O sacristão de S. Paulo

Alice Vieira , Escritora

Jornal de Notícias, 20070409

Hoje vou contar uma história. A história de um homem que era sacristão na igreja de São Paulo, em Londres. Um dia, por motivos burocráticos, foi-lhe pedido que assinasse um documento e, para espanto de todos, o sacristão assinou de cruz. Para espanto de todos, o sacristão não sabia ler nem escrever. Um sacristão da Igreja de São Paulo analfabeto era coisa inadmissível e ele foi despedido. Abatido, sem saber o que fazer à vida, andou o pobre homem ali pelas imediações quando lhe apeteceu, desesperadamente, um cigarro. (Isto é ainda na era do pré-fundamentalismo antitabágico). Olhou em volta, mas não viu por ali nenhum lugar onde pudesse comprá-lo. Andou mais um pouco - e nada. "Se calhar era boa ideia abrir aqui uma pequena tabacaria", pensou. E, com algum dinheiro que tinha guardado e outro que pediu emprestado, foi o que fez. A tabacaria foi um sucesso. De tal maneira que, logo a seguir, abriu outra. E depois mais outra. E mais outra, e mais outra - e, algum tempo depois, tinha-se transformado no dono de uma rede de lojas espalhadas pelo país.

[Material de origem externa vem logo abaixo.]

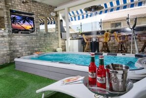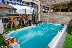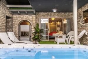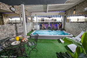 בווילה תמצאו ג'קוזי ספא ובריכת זרמים, המספקים רגעי רוגע ושלווה מושלמים. המתחם החיצוני מעוצב בצורה מושלמת עם שולחנות גינה, מטבח חיצוני מאובזר, פינות ישיבה וריהוט גן חיצוני יוקרתי. מיטות שיזוף ועמדת מנגל BBQ ממתינים לכם להשלמת חוויית הפינוק.

Um dia o director do banco chamou-o. Queria conhecer pessoalmente aquele cliente tão importante e, ao mesmo tempo, propor-lhe que diversificasse o investimento, que não tivesse dinheiro parado, etc. A coisa ia no bom caminho quando, ao ver o seu cliente assinar de cruz os documentos, o director fez um enorme ar de espanto e nem queria acreditar que estava diante de um analfabeto. "O senhor não sabe ler nem escrever? Espantoso! O senhor é hoje o que é, com toda esta fortuna, sem saber ler nem escrever! Já pensou no que seria, se tivesse estudado?" "Já", respondeu o homem, "seria sacristão da igreja de São Paulo"

Quero dedicar esta história (magnificamente contada por Somerset Maugham num dos seus livros de "short stories") à mente iluminada que engendrou aqueles cartazes publicitários dos fulanos que não terminaram os estudos. A ideia de que o saber é muito bonito é, evidentemente, uma ideia louvável - mas não é achincalhando os outros que ela se defende. Gostava de saber como viveríamos se não houvesse quem recolhesse o lixo, ou engomasse a roupa, ou nos atendesse num restaurante, ou, ou, ou...(E já agora - o que não dariam muitos doutores, de curso acabado e sem emprego à vista, por um lugarzito de porteiro?)